On being thankful for...

Before I moved to Minnesota, I lived up the road from Plymouth Rock and Plimoth Plantation. As a native son of Massachusetts, I learned most of the traditional stories of the First Thanksgiving and the (real) Tea Party rebellion. At the time I lived in Massachusetts, there was nothing (that I knew of) similar to Birchbark Books in Minneapolis. From places like Birchbark, I've learned about less traditional, and more accurate, versions of the Thanksgiving story. This Thanksgiving, in particular, I'm thankful that Minnesota has and supports book stores like Birchbark and organizations like the Minnesota Humanities Center and the Bdote Memory Map.

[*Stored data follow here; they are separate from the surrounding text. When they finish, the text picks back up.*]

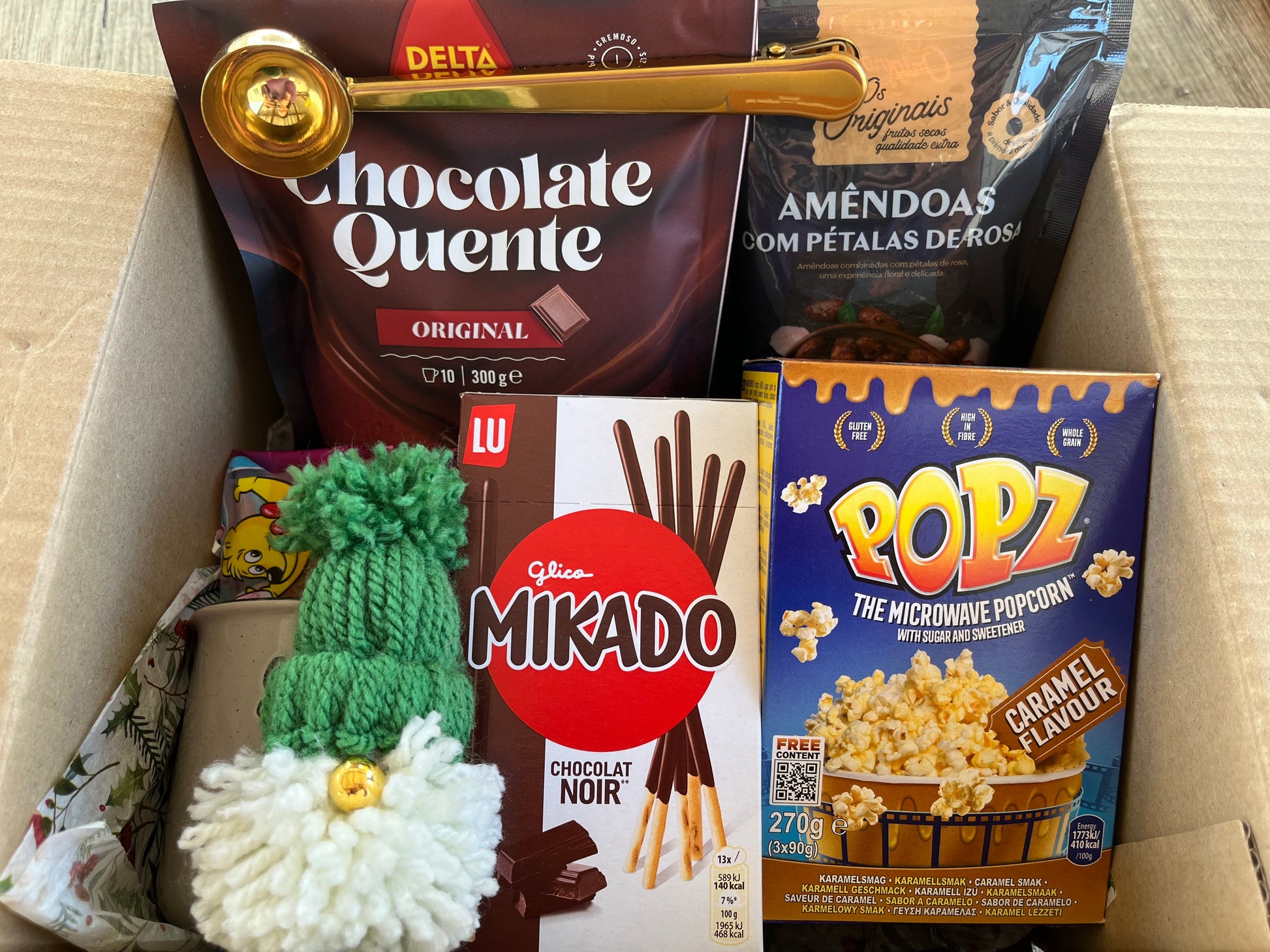Cada cabaz vem preparado à mão, com direito a cheirinho a gingerbread, Pai Natal de lã feito à mão e raspadinha com mensagem secreta personalizada.
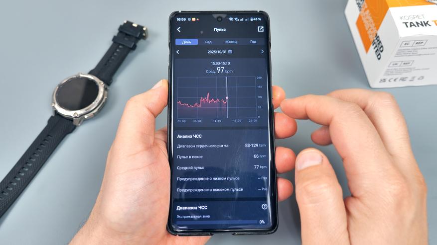 Приложение на смартфоне для часов весьма удобное, понятное и информативное. По большей части здесь представлена та же информация, что и на самих часах, только в более развёрнутом виде, и присутствуют дополнительные функции. Так, здесь можно просматривать сводную информацию о состоянии здоровья пользователя. Каждый из показателей можно развернуть и ознакомиться с подробной информацией.
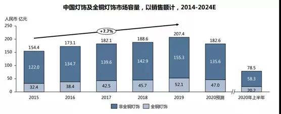 从2015年的32.4亿元人民币增长到了2019年的52.1亿元人民币,年复合增长率达12.6%,全铜灯饰正逐渐受到消费者的青睐。
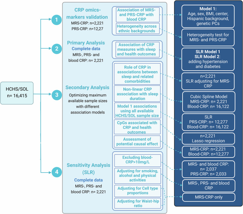 C-reactive protein (CRP) reflects inflammation status and is linked to poor sleep, metabolic and cardiovascular health. Methylation (MRS) and polygenic risk scores (PRS) reflect long-term systemic inflammation, and genetically-determined CRP, respectively. To refine understanding of inflammation-linked sleep and health outcomes, we construct PRS-CRPs using GWAS summary statistics and a previously-developed MRS-CRP in the Hispanic Community Health Study/Study of Latinos. Via survey-weighted linear regression, we estimate associations between blood-, PRS-, and MRS-CRP, with multiple sleep and health outcomes (n = 2217). MRS-CRP and PRS-CRPs are associated with increasing blood-CRP level by 43% and 23% per standard deviation. MRS-CRP is associated with obstructive sleep apnea (OSA) traits, long sleep duration, diabetes and hypertension, while PRS-CRPs were not. Blood-CRP level is associated with sleep duration and diabetes. Adjusting for MRS-CRP weakens OSA-diabetes/hypertension associations. Consequently, MRS-CRP is a stronger marker than blood-CRP and PRS-CRP to systemic inflammation associated with poor sleep and related comorbidities.
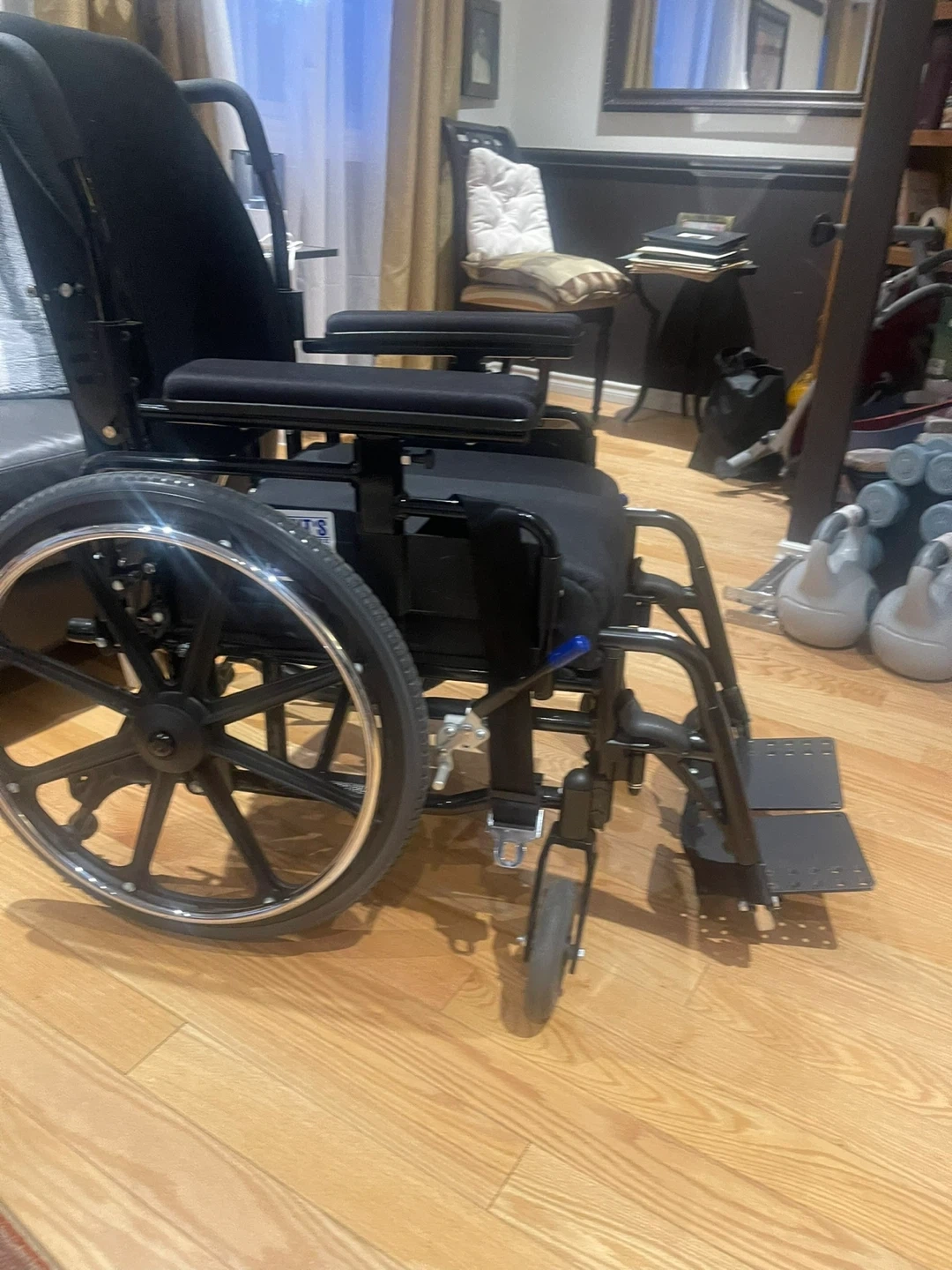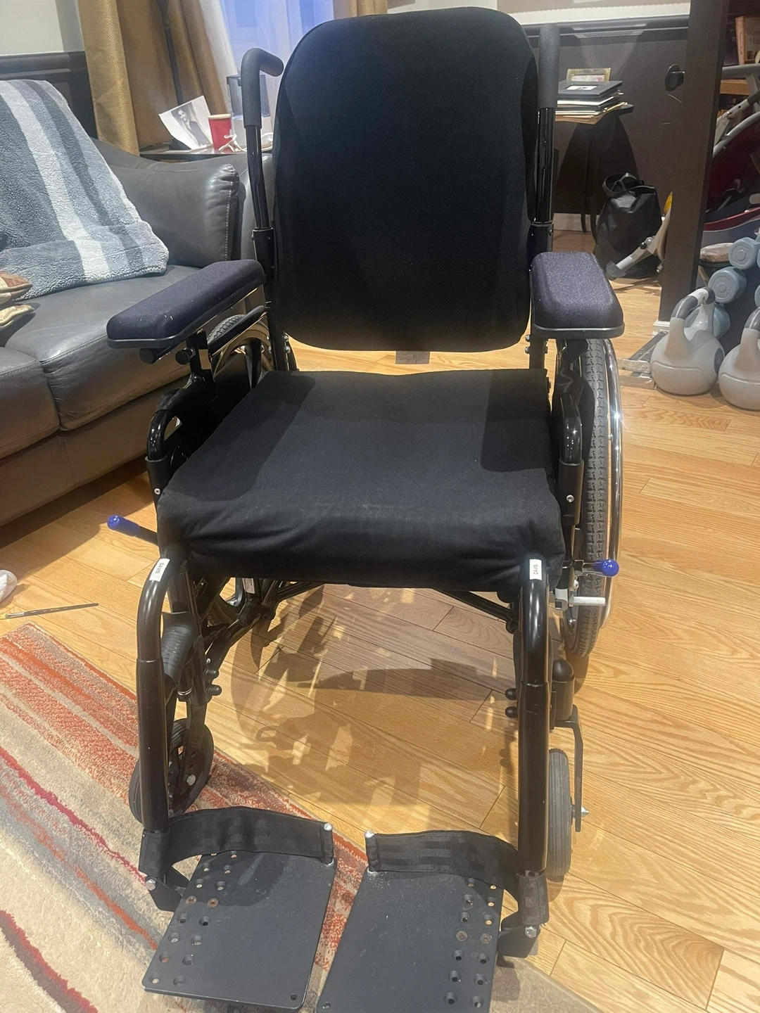 Selling a black wheelchair in great condition. It's perfect for anyone needing mobility assistance. It is lightweight and portable

was turkey on the first Thanksgiving menu?
was turkey on the first Thanksgiving menu?
Photo by J. Harrington

To be clear, although I'm thankful and grateful for my family, friends, pets, health and, not least, the fact that I'm still here to enjoy them, I'm also particularly thankful these days for writers such as Rebecca Solnit, who wrote (and updated) Hope in the Dark, and Terry Tempest Williams for living and writing Finding Beauty in a Broken World. We can definitely be thankful for such insight and guidance as we seem to be in the midst of that Chinese curse of living in interesting times. Although I'm inclined to accept the version of the story that the Pilgrims came to North America to escape religious persecution and discrimination in England, I'll be particularly full of thanksgiving on the day that the citizens of the United States stop dragging that kind of baggage with them and paying it forward. Thanksgiving is a holiday to be shared with family, friends, and especially those who differ from us and those who have been less lucky than many of us are. Think about how much of what you have is largely an accident of where, when and to whom you were born. Can any of us really claim credit for that (John Calvin notwithstanding)?

How Wonderful


By Irving Feldman


How wonderful to be understood,
to just sit here while some kind person
relieves you of the awful burden
of having to explain yourself, of having
to find other words to say what you meant,
or what you think you thought you meant,
and of the worse burden of finding no words,
of being struck dumb . . . because some bright person
has found just the right words for you—and you
have only to sit here and be grateful
for words so quiet so discerning they seem
not words but literate light, in which
your merely lucid blossoming grows lustrous.
How wonderful that is!

And how altogether wonderful it is
not to be understood, not at all, to, well,
just sit here while someone not unkindly
is saying those impossibly wrong things,
or quite possibly they’re the right things
if you are, which you’re not, that someone
—a difference, finally, so indifferent
it would be conceit not to let it pass,
unkindness, really, to spoil someone’s fun.
And so you don’t mind, you welcome the umbrage
of those high murmurings over your head,
having found, after all, you are grateful
—and you understand this, how wonderful!—
that you’ve been led to be quietly yourself,
like a root growing wise in darkness
under the light litter, the falling words.